Provided data
+-------+

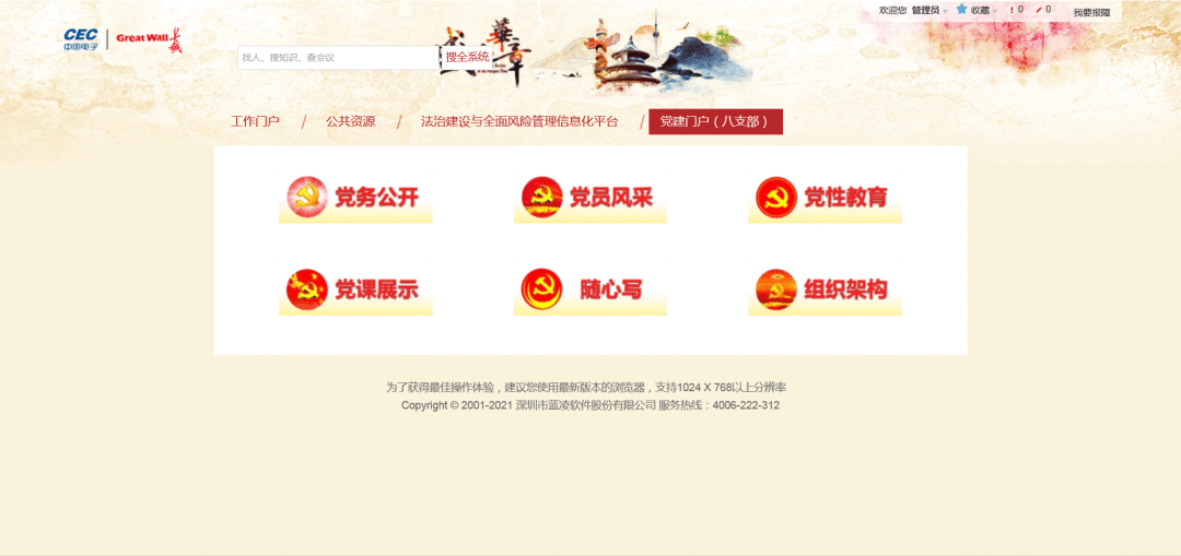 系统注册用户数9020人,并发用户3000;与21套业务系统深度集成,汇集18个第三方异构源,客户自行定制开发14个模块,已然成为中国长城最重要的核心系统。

+-------+

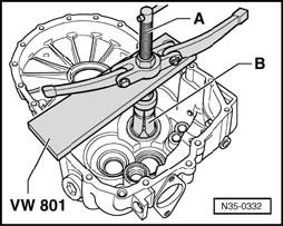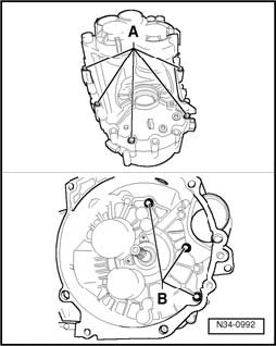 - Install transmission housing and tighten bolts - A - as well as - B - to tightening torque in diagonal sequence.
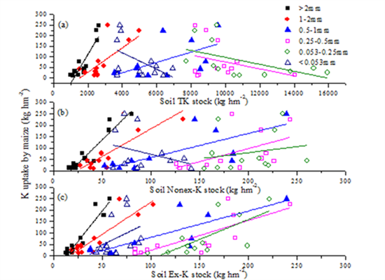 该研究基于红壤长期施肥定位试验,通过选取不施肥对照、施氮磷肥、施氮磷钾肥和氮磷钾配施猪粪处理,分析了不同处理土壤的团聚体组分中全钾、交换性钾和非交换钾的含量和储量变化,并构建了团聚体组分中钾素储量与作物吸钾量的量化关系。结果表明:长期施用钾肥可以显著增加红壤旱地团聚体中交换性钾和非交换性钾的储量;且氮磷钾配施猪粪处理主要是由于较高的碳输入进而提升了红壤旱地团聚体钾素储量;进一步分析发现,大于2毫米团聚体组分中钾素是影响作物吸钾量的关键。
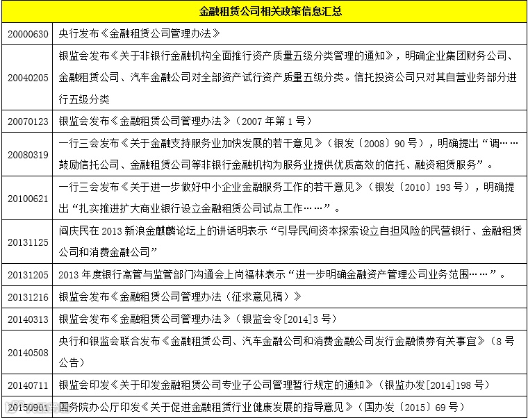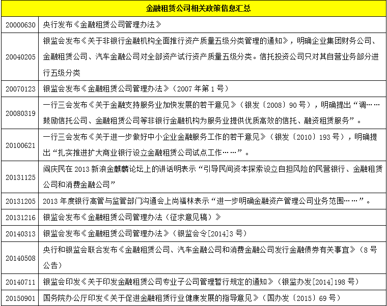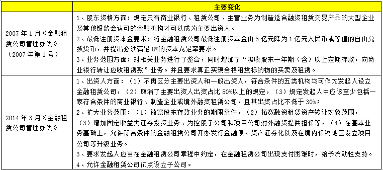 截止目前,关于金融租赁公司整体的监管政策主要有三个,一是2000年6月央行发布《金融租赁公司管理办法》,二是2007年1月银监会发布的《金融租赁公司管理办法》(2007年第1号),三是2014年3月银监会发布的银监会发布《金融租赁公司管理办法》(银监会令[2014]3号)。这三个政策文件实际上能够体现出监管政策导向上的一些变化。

+-------+

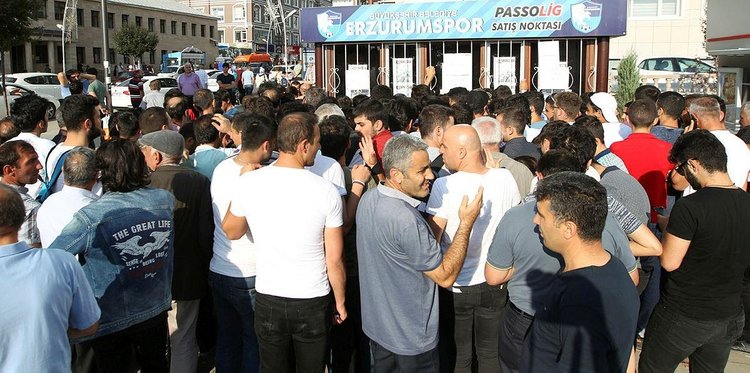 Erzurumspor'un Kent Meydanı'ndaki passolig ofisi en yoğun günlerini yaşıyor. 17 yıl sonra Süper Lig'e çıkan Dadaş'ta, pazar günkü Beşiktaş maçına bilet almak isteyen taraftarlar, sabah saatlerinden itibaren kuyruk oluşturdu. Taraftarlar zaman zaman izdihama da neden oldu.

+-------+

Directions
The lines above from the line with "该研究基于红壤长期施肥定位试" through the line with "截止目前,关于金融租赁公司整" are to be given again word for word, with no pictures among them.

Response
 该研究基于红壤长期施肥定位试验,通过选取不施肥对照、施氮磷肥、施氮磷钾肥和氮磷钾配施猪粪处理,分析了不同处理土壤的团聚体组分中全钾、交换性钾和非交换钾的含量和储量变化,并构建了团聚体组分中钾素储量与作物吸钾量的量化关系。结果表明:长期施用钾肥可以显著增加红壤旱地团聚体中交换性钾和非交换性钾的储量;且氮磷钾配施猪粪处理主要是由于较高的碳输入进而提升了红壤旱地团聚体钾素储量;进一步分析发现,大于2毫米团聚体组分中钾素是影响作物吸钾量的关键。
 截止目前,关于金融租赁公司整体的监管政策主要有三个,一是2000年6月央行发布《金融租赁公司管理办法》,二是2007年1月银监会发布的《金融租赁公司管理办法》(2007年第1号),三是2014年3月银监会发布的银监会发布《金融租赁公司管理办法》(银监会令[2014]3号)。这三个政策文件实际上能够体现出监管政策导向上的一些变化。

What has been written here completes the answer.